> **WORK ITEM**
From the first line down to the line containing "7. Select the", print the records below exactly, leaving every picture out.

> **RECORDS**
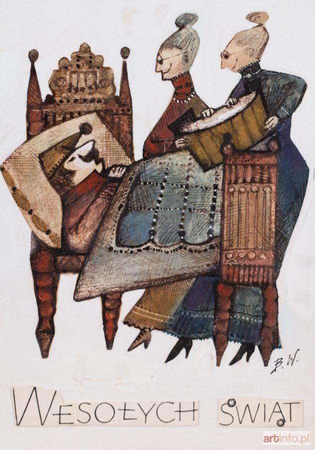 akwarela, gwasz, kolaż, tusz/papier, 15 x 10,5 cm (arkusz) sygnowany p.d. 'B.W.'
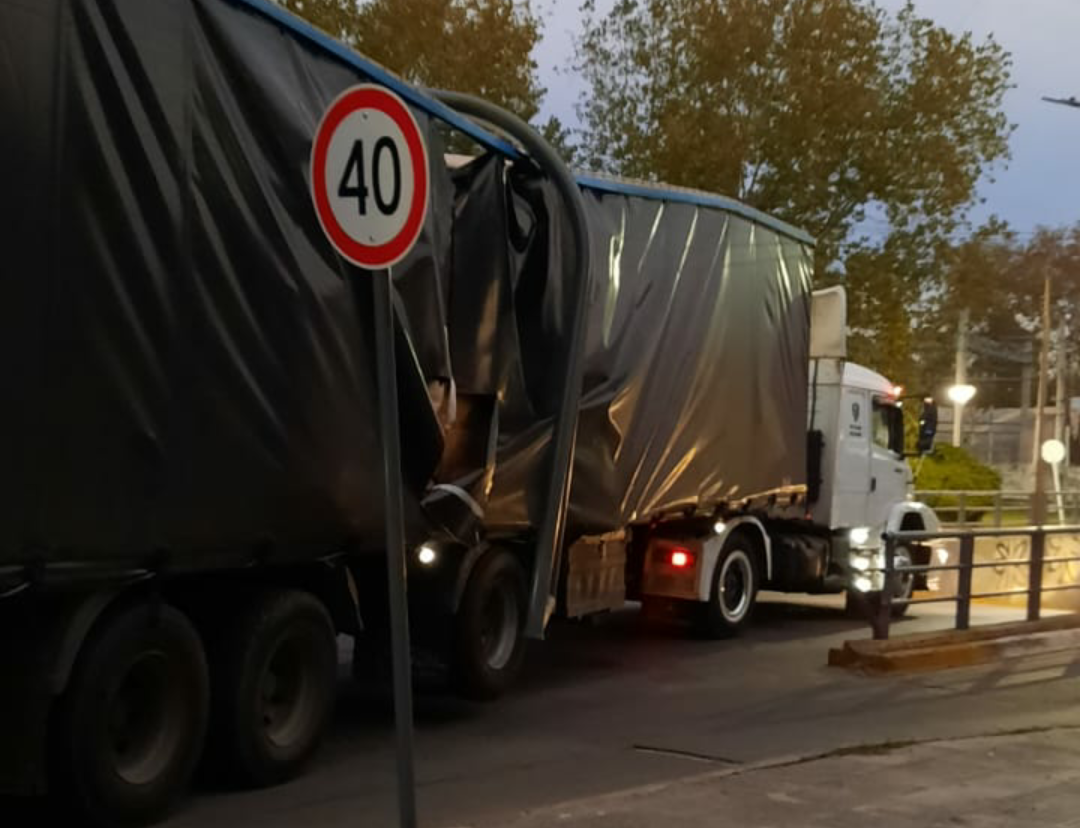 18.35: Se está esperando una grúa que remueva el caño caído sobre el camión.
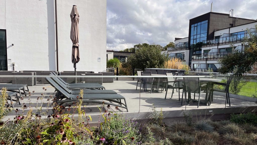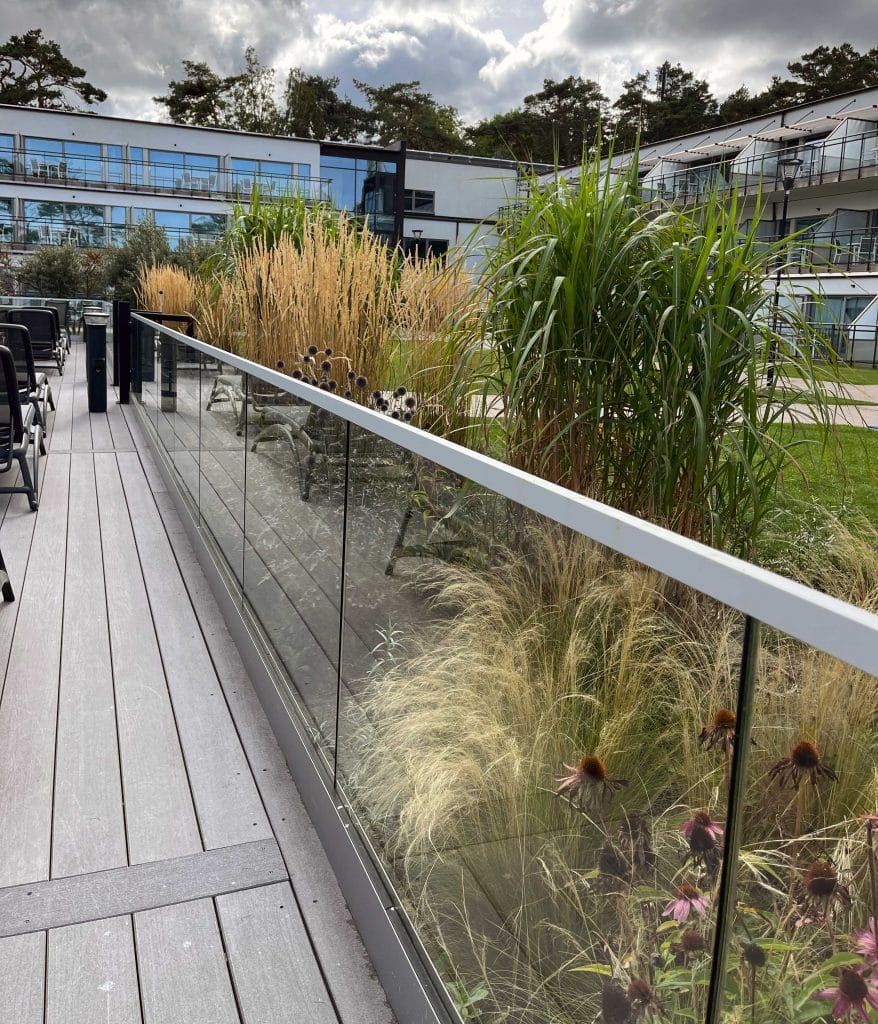 Wellness- und Konferenzanlage in die der Geländerladen ein Ganzglasgeländer im Außenbereich montiert hat.
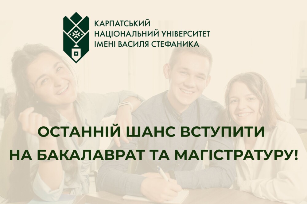 Додатковий набір 2025 на бакалаврат і магістратуру у Карпатському національному університеті імені Василя Стефаника! Важливо: вступ відбувається лише на платну форму навчання (за кошти фізичних та/або юридичних осіб).  Ключові дати: • Прийом заяв та документів: 15 – 19 вересня • Реєстрація Читати далі
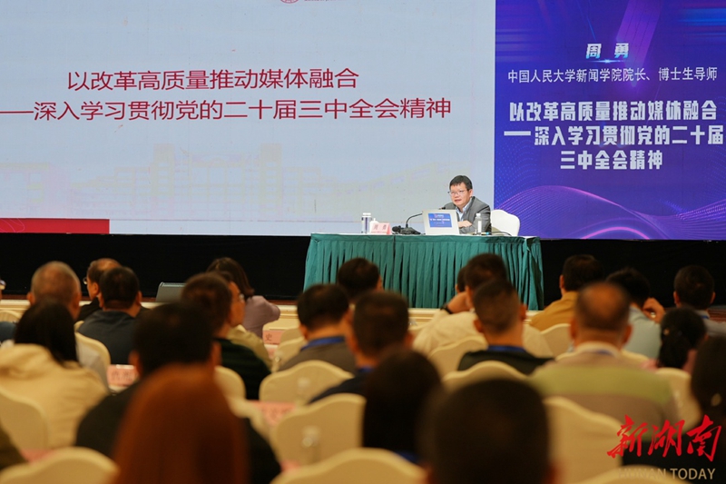 中國人民大學新聞學院院長、博士生導師周勇梳理、回顧我國媒體融合發展歷程與成效,結合黨的二十屆三中全會對媒體融合提出新要求,從機制重構、技術升維、效果升華等角度探討以改革高質量推動媒體融合的路徑。他強調:“新聞輿論工作是推進黨的事業、國家治理的重要手段。主流媒體要走在正道上,彰顯專業、社會價值。”
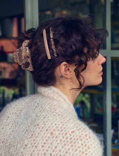 Zarte Kristalle zieren diese Haarspange und verleihen ihr einen subtilen Glanz. Dieses Accessoire verleiht jeder Frisur eine elegante Note und ist perfekt, um Ihrem Alltagslook einen Hauch von Glamour zu verleihen.
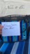 Chic Nena & Co. tote with vibrant blue and black stripes. Features bold patterns and sturdy handles.
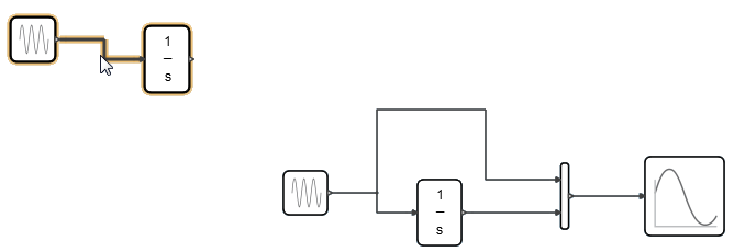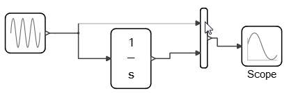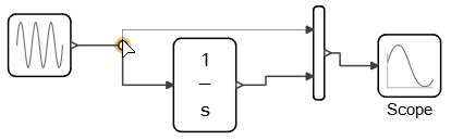 7. Select the Integral block. Hold and drag your mouse up slightly to straighten the crooked link between the Integral and Mux blocks.
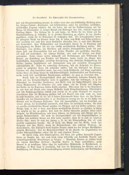Hof- und Kriegsverwaltung heraus; sie müssen dann aber eine selbständige Stellung nebenden übrigen Central-, Provinzial- und Lokalbehördcn, neben den politischen, juristischen,militärischen Organen erhalten, sich mit diesen, wie mit der Volksvertretung, mit derMenge der Steuerzahler in langein Kampfe und Reibungen ihre feste, rechtlich umgrenzteStellung sichern. Der Auftrag für sie geht dahin, die Mittel für den Staat und dieStaatsverwaltung zn beschaffen, sie in gerechter Verteilung zu erheben, sie den Zweckenzuzuführen, welche für die Gesamtheit die wichtigsten sind. Die Finanzbehörden habendie zwingende Macht des Staates hinter sich, sie sollen nach Recht und Gesetz Verfahren;aber unendlich viel muß stets ihrem Gutdünken überlassen sein; je nach ihrer Weisheitund Rechtlichkeit, ihrer Beschränktheit und Unredlichkeit können sie in Erhebung undVerausgabung der Mittel fast wie eine irdische wirtschaftliche Vorsehung walten. AlleBeteiligten, vom Fürsten , den Ministern und obersten Finanzbehörden herab bis zumletzten Zoll- und Steueraufseher sind und bleiben Menschen mit egoistischen Interessen,mit Haß und Leidenschaft, mit richtiger Einsicht, aber auch mit Irrtum und Sach-unkenntnis. Daher immer wieder Fehlgriffe und Versuchungen zum Mißbrauch derGewalt, zur Erpressung von Diensten uud Abgaben, immer wieder die Klagen überNachlässigkeit, Ungerechtigkeit, unredliche Bereicherung, über fiskalische Mißhandlung desVolkes, welchen Jahrhunderte und Jahrtausende lang jede entwickelte Finanzgewaltanheimgefallen ist. Daher die notwendige Forderung, daß alle Ansprüche der Finanz-gewalt in gesetzlicher Form sich vollziehen müssen, daß alle Thätigkeit der Finanz-behörden von oben kontrolliert werde, von unten durch Beschwerde und Klage angefochtenwerden könne; die Folge hievon ist, daß Schwerfälligkeit, Umständlichkeit und Verteuerung,welche durch diese unerläßlichen Anordnungen entstehen, nie ganz zu vermeiden sind.

> **RESPONSE**
 akwarela, gwasz, kolaż, tusz/papier, 15 x 10,5 cm (arkusz) sygnowany p.d. 'B.W.'
 18.35: Se está esperando una grúa que remueva el caño caído sobre el camión.
 Wellness- und Konferenzanlage in die der Geländerladen ein Ganzglasgeländer im Außenbereich montiert hat.
 Додатковий набір 2025 на бакалаврат і магістратуру у Карпатському національному університеті імені Василя Стефаника! Важливо: вступ відбувається лише на платну форму навчання (за кошти фізичних та/або юридичних осіб).  Ключові дати: • Прийом заяв та документів: 15 – 19 вересня • Реєстрація Читати далі
 中國人民大學新聞學院院長、博士生導師周勇梳理、回顧我國媒體融合發展歷程與成效,結合黨的二十屆三中全會對媒體融合提出新要求,從機制重構、技術升維、效果升華等角度探討以改革高質量推動媒體融合的路徑。他強調:“新聞輿論工作是推進黨的事業、國家治理的重要手段。主流媒體要走在正道上,彰顯專業、社會價值。”
 Zarte Kristalle zieren diese Haarspange und verleihen ihr einen subtilen Glanz. Dieses Accessoire verleiht jeder Frisur eine elegante Note und ist perfekt, um Ihrem Alltagslook einen Hauch von Glamour zu verleihen.
 Chic Nena & Co. tote with vibrant blue and black stripes. Features bold patterns and sturdy handles.
 7. Select the Integral block. Hold and drag your mouse up slightly to straighten the crooked link between the Integral and Mux blocks.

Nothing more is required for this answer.